MaxwellBuchanan, May 22 2012
  

       It's a good ploy. You don't shoot a riderless enemy horse, that's booty.   

       //enemy horse, that's booty//   

       I hope you mean 'booty' in the old sense of the word [2 Fries]
AusCan531, May 23 2012
  

       Yar.   

       You mistake centaurian for centurion just once and they never let you hear the end of it...   

       I suspect a real horse would take a dim view of a real rifle going off underneath him or her.
normzone, May 24 2012
  

       Horses can be trained to become accustomed to loud, sudden noises, even gunfire. There are very well- established methods of doing so, which have been practiced by military and civilian horse people since the widespread proliferation of firearms. Today, it's commonly called 'bombproofing' (at least that's what they call it around here). It starts with thrashing newspapers and banging trashcan lids, progressing to louder and more startling things, like tractors and pickup trucks driving around in circles.   

       As a gun person who knows a number of horse people, I've occasionally (a 1/2-dozen times in my life) assisted in the final stage of advanced bombproofing: standing a few yards from a mostly- bombproof horse and firing blanks from a 30.06 or similarly loud gun (some of these people own guns as well, but they ask me to do it because I'm trained and certified in range safety; I guess there are legal issues when training somebody else's horse). The horse doesn't particularly like it, but it doesn't go completely berzerk and kick somebody in half before bolting for the horizon.   
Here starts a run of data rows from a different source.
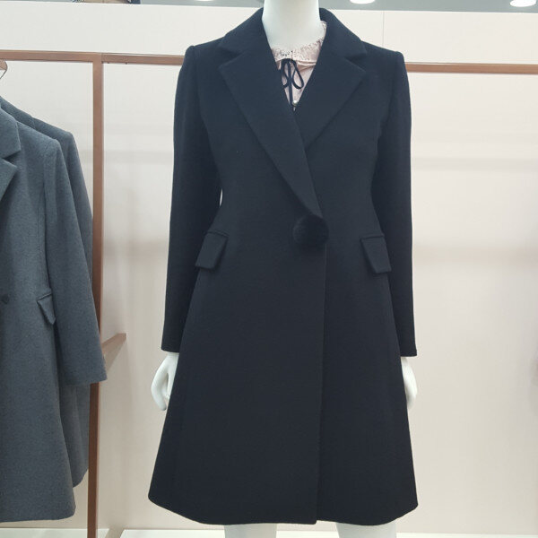 울70%인 고급 스러운 코트, 단추 부분 토끼털 방울로 동안 코트 입니다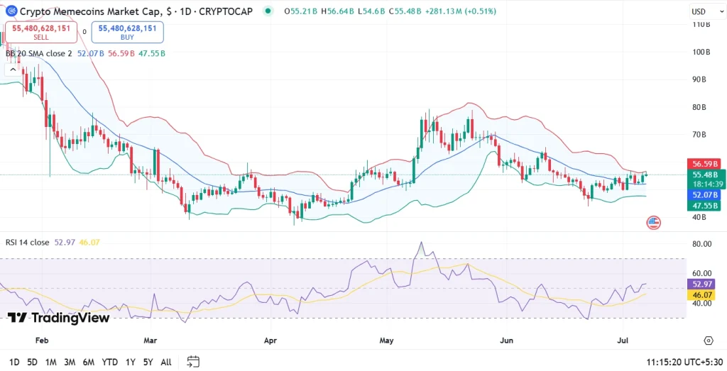 The market capitalization of the memecoin category has jumped to $55.5 billion, reflecting a 5.46% increase in the last 24 hours. Trading volume has also seen a substantial rise of 64.24%, reaching $7.34 billion. The daily chart indicates a potential breakout above the 20-day SMA at 52.07B, while the Relative Strength Index (RSI) stands at 52.97, suggesting increasing bullish momentum. The tightening Bollinger Bands hint at an upcoming volatility spike, likely in an upward direction.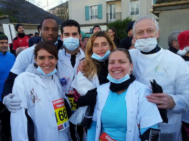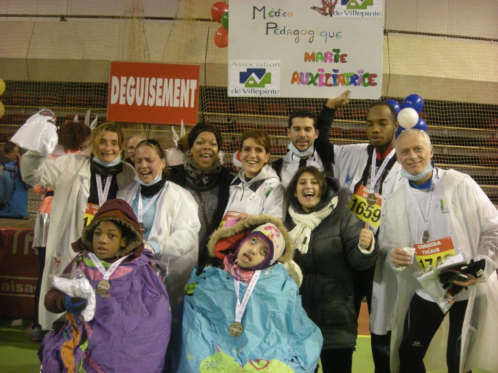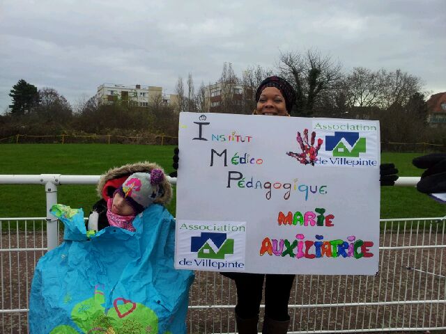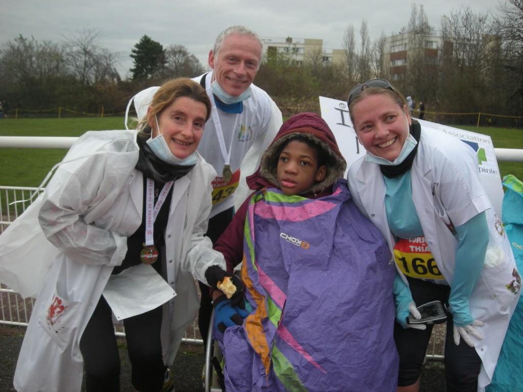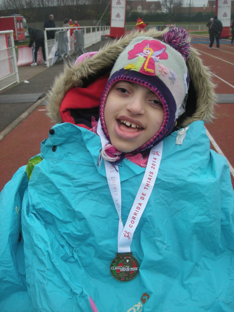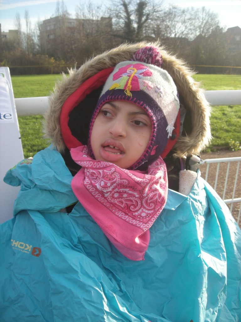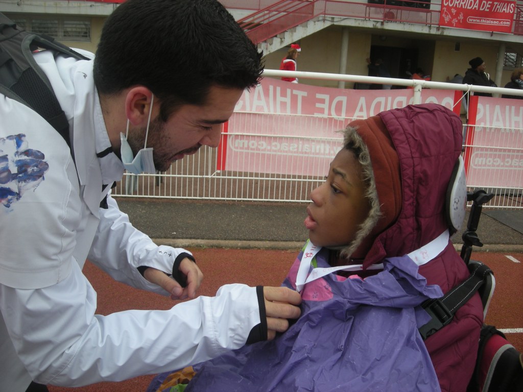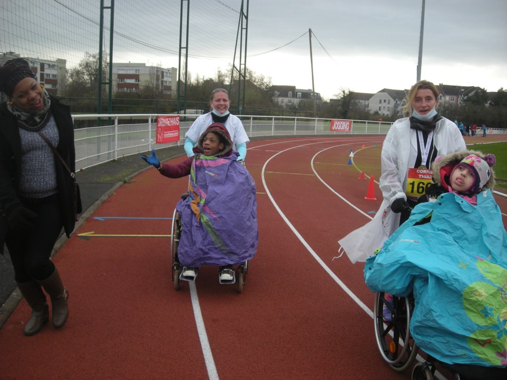 7 décembre 2014, 1ère sortie running du projet « Courir ensemble à l’IMP Marie Auxiliatrice », ce n’était pas tout à fait le terme exact mais c’était l’esprit. Direction la Corrida de Thiais, on commence à vouloir essayer de faire prendre l’air à nos protégés avec les moyens du bord. N’étant pas équipé de matériel sportif adéquat, nous nous contenterons de faire le tour du stade, qui correspond à l’arrivée de la course, avec les fauteuils roulants pour le plus grand plaisir de nos 2 stars qui, malgré le froid, garderont de belles images en tête. Quant à nous, nous n’avons plus qu’à programmer la suite parce que ……. C’ÉTAIT TROP BIEN !!!!! .
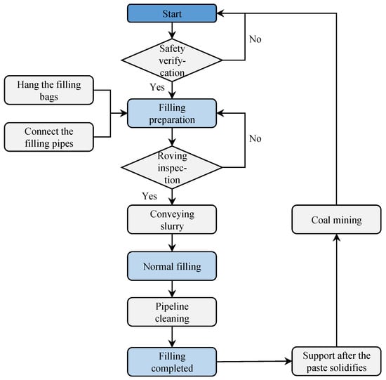 During construction, the slurry is transported to the underground filling working face via a filling pump, where it is used to fill the mined-out area created by coal extraction. The working face follows a standard cycle from filling to coal mining, which includes the following steps: coal mining → preparation of filling slurry → production preparation → coal mining. Filling begins after coal extraction in the workface. The filling area is prepared, and isolation walls are installed at both ends of the workface. Filling bags are hoisted, and piping is connected. Once everything is in place, the filling station is notified by the filling area supervisor to start the filling process. The construction sequence is shown in Figure 13. After the filling is completed, the working face support cannot be moved until the slurry has solidified in the filling area, at which point the support can be moved and coal extraction can resume.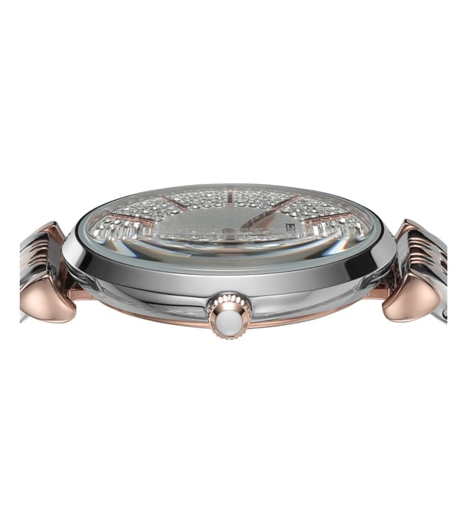 32mm watch features a silver glossy sunray dial, two-hand movement, at least 50% recycled stainless steel case and two-tone stainless steel bracelet.
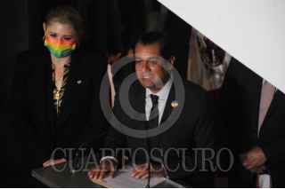 CIUDAD DE MÉXICO, 29JUNIO2022.- En el Senado de la República se colocó una placa en honor a la lucha que ha mantenido la comunidad LGBTTTI para defender sus derechos, el evento fue encabezado por Olga Sánchez Cordero, presidenta de la Mesa Directiva del Senado y Sergio Gutiérrez Luna, presidente de la Mesa Directiva de la Cámara de Diputados. FOTO: DANIEL AUGUSTO /CUARTOSCURO.COM
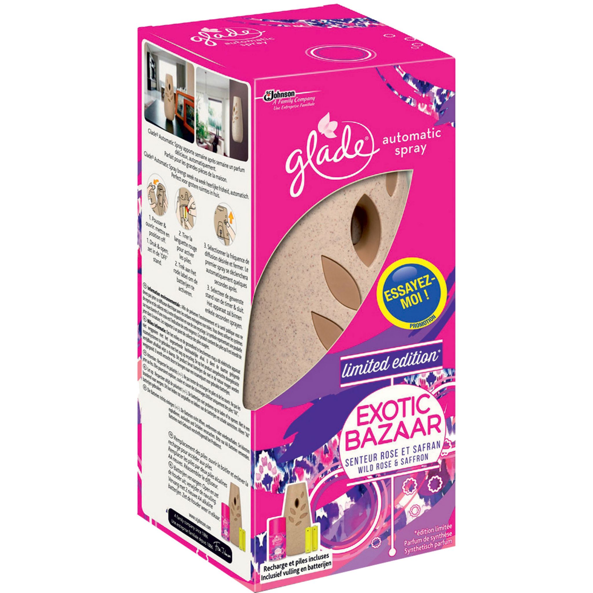 GLADE AUTOMATIC SPRAY DIFFUSEUR EXOTIC BAZAR 'ESSAYEZ-MOI !' La formule unique de Glade emplit rapidement la pièce de fraîcheur et d’une variété de senteurs incroyables.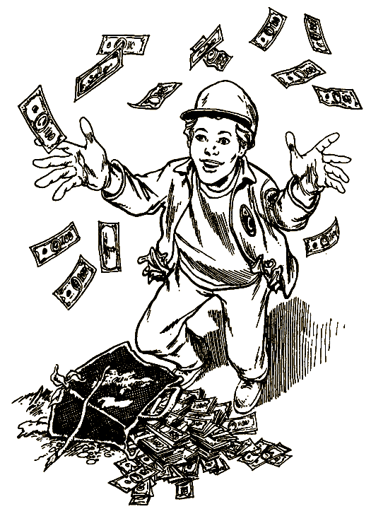 Портфель довольно тяжелый. Ты уже собираешься сказать что-то Брюсу, расстегиваешь портфель — и замолкаешь на полуслове, когда раскрываешь его и заглядываешь внутрь. Глаза у тебя начинают ползти на лоб от изумления, и ты шепчешь: «Вот это да… Сколько денег!»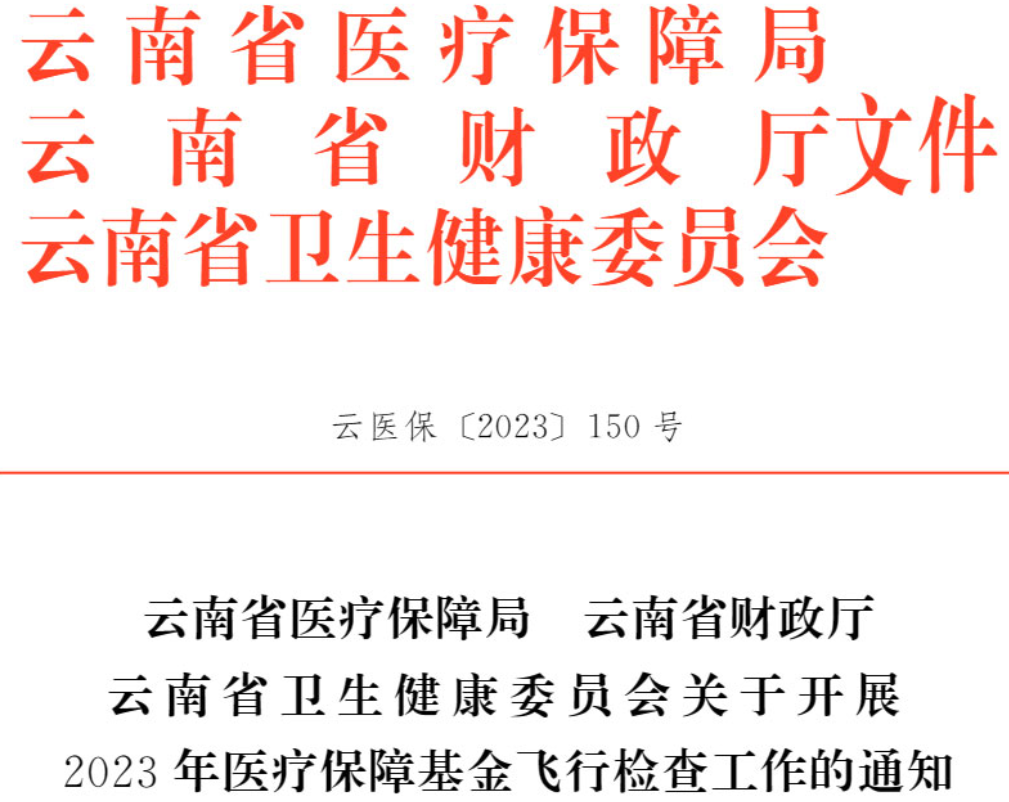 近日,云南医保局官网发布《云南省医疗保障局云南省财政厅云南省卫生健康委员会关于开展2023年医疗保障基金飞行检查工作的通知》,并公布了《云南省2023年医疗保障基金飞行检查实施方案》(简称《方案》)。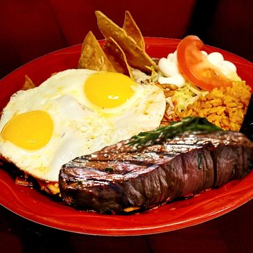 From Mexico City, top Secret Recipe. comes with Beans, and Tortillas.

       I have it on good authority, however, that not all horses can be bombproofed.
Alterother, May 24 2012
  

       I was on once when it heard what it thought was a snake in the grass, when the grass moved ever so slightly. Bucked up and ran like a bat out of hell. I don't think it would like bombs going off, just sayin...
blissmiss, May 24 2012
  

       My limited experience with horses would tend to confirm that those which have not undergone the bombproof training can be explosively unpredictable. One of my father's vet school profs prefaced every horsey curriculum with the reminder that "a horse is a thousand pounds of shit mounted on four deadly weapons."